Just saw a writing about an artists work which mentioned solidarity – solidarity with others in similar circumstances. Thought this might be a good word for me. And wanted to get it down so I didn’t forget.
Other words I’ve been thinking about:
Still don’t have a word for the feeling of not being alone in your problems. Maybe solidarity is close to this.
Trying to work out a quilt pattern to go with the text never happy again. I’m remembering a time when a psychologist asked me what I was afraid of in regard to Daniel I guess and that was my answer. That I would never be able to be happy again because he would always reject me and my self esteem and happiness was so tightly bound to him. In that same session he asked me to think back to a time when I was really sad about Dan. And at that time I thought of being in a room in Canberra and Dan refused to see me so I went all the way to Canberra and didn’t see him at all. I was thinking of using a photo of a hotel room with a suitcase and a single towel, but looking at the pattern I was developing above I started thinking about a repetitive symbolic photogram.
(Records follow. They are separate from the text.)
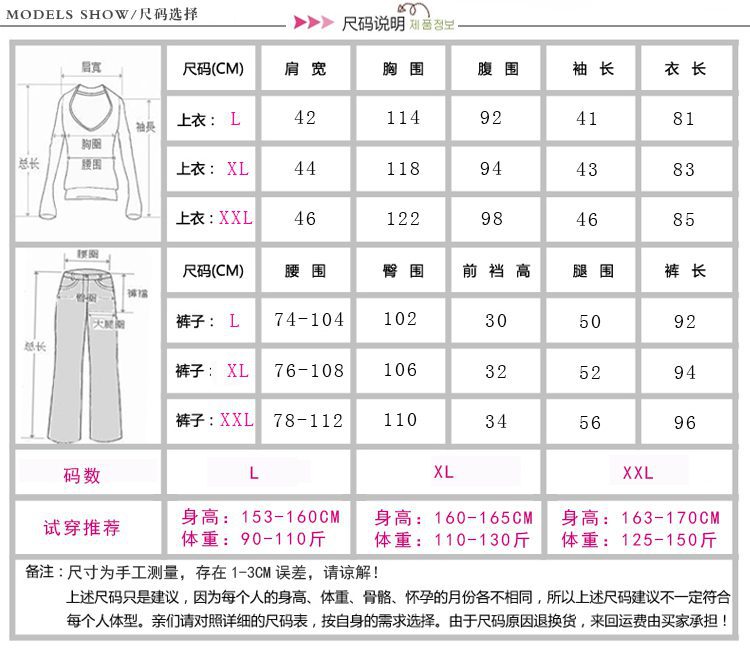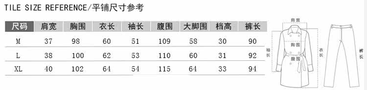 XL码:肩宽 44 衣长 66 胸围 104 袖长 58 裤长 98
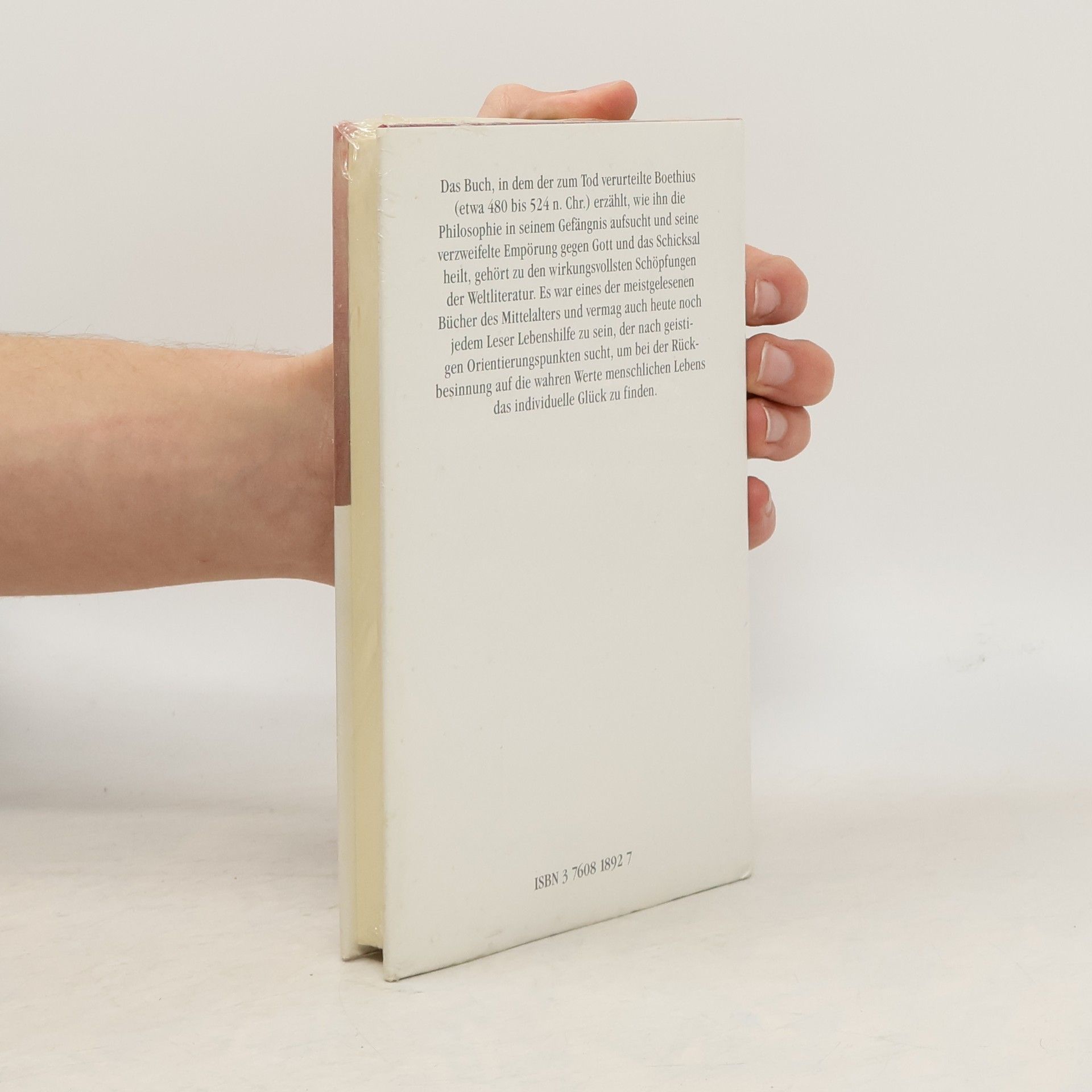 Anicius Manlius Severinus Boethius: Die Trostungen der Philosophie Edition Holzinger. Taschenbuch Berliner Ausgabe, 2013 Vollstandiger, durchgesehener Neusatz mit einer Biographie des Autors bearbeitet und eingerichtet von Michael Holzinger Entstanden um 523. Erstdruck unter dem Titel De consolatione philosophiae, Savigliano(?) 1470. Erste (fruhneuhoch-)deutsche Ubersetzung (anonym) unter dem Titel Das puech von dem trost der weisshait des maiesters Boecy, Nurnberg 1473. Der Text folgt der Ubersetzung durch Richard Scheven von 1893. Textgrundlage ist die Ausgabe: Boetius: Die Trostungen der Philosophie. Ubersetzt von Richard Scheven, Leipzig: Philipp Reclam jun., o.J. Herausgeber der Reihe: Michael Holzinger Reihengestaltung: Viktor Harvion Umschlaggestaltung unter Verwendung des Bildes: Boethius erteilt Unterricht. Initiale der Handschrift Glasgow, University Library, Hunter 374 aus dem Jahr 1385 Gesetzt aus Minion Pro, 10 pt
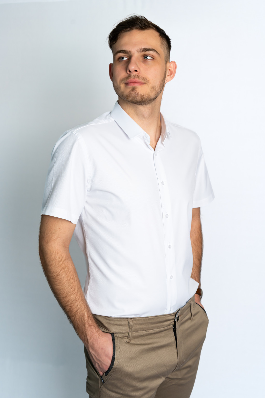 Ez a fehér slim fit férfi rövid ujjú ing a klasszikus elegancia és a modern kényelem tökéletes kombinációja. A letisztult fehér szín és a finom, anyagba nyomott minta egyedi, mégis visszafogott megjelenést biztosít, amely ideális választás üzleti és alkalmi viselethez egyaránt.
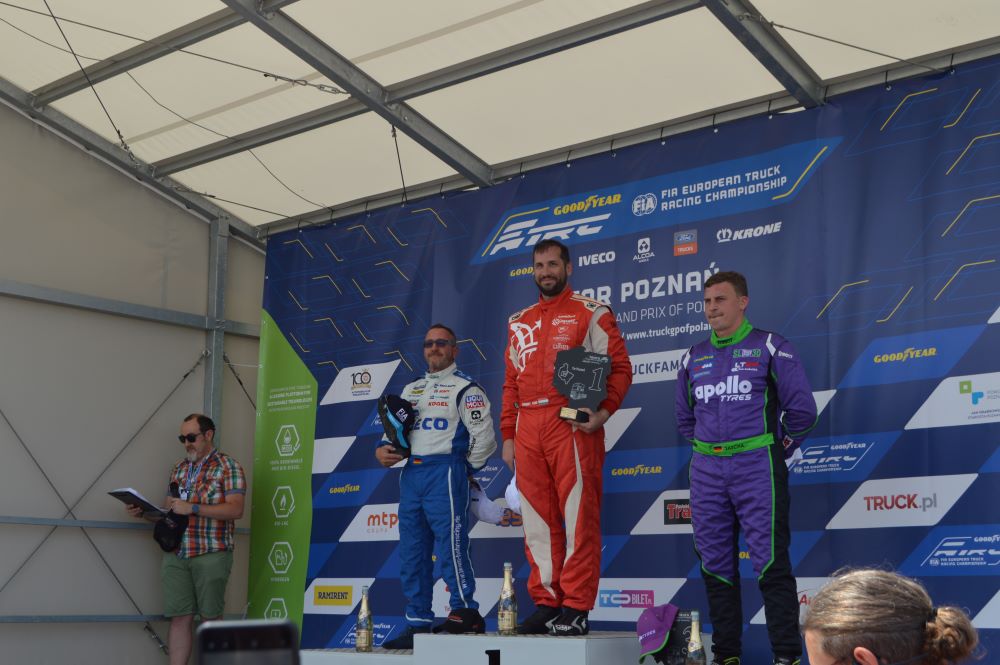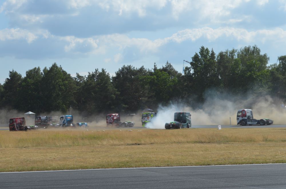 A w niedzielę nie padało, jak chcieliby niektórzy. Dlatego dysponujący najszybszymi maszynami Kiss, Hahn senior i Lenz spokojnie powtórzyli sobotnie wyniki. Ciekawie było za ich plecami, bo dwa razy w ramach walki na zakrętach kilka maszyn opuściło tor, kręcąc bączki na trawie i wzbudzając mnóstwo kurzu. Kurz jest widowiskowy ale zderzenia metalowych elementów ciężarówek – groźne. Znowu Albacete wylądował na trawie z pourywanymi plastikami i częścią orurowania. Co gorsza także drzwi kierowcy ucierpiały i mechanicy musieli błyskawicznie ratować MAN-a, by dojechał samodzielnie do mety. Ale wyszło to na dobre sympatycznemu Antonio. Bo startował przez to z drugiego rzędu i mógł wywalczyć swój jedyny w Poznaniu puchar. Tuż za nim dojechali Lenz i Kiss.

Trying to increase the depth of tone in the photo image to match the tone in commercial fabric and make the whole thing a bit more lush, rich, both comfortable and painful and more immediate and tactile. The current solarfast photos look pretty muted and distant and don’t speak to the comfort side that I am also going for. I’m moving back to red brown shades and if I either dyed fabric first or after or if I used two layers of solarfast and a photogram, I might be able to get a richer colour. Photograms from direct objects are good because they are much more high contrast and I can expose for long periods and get richer colour around the photogram.
Will have to investigate meaning embedded in objects and symbolism of objects.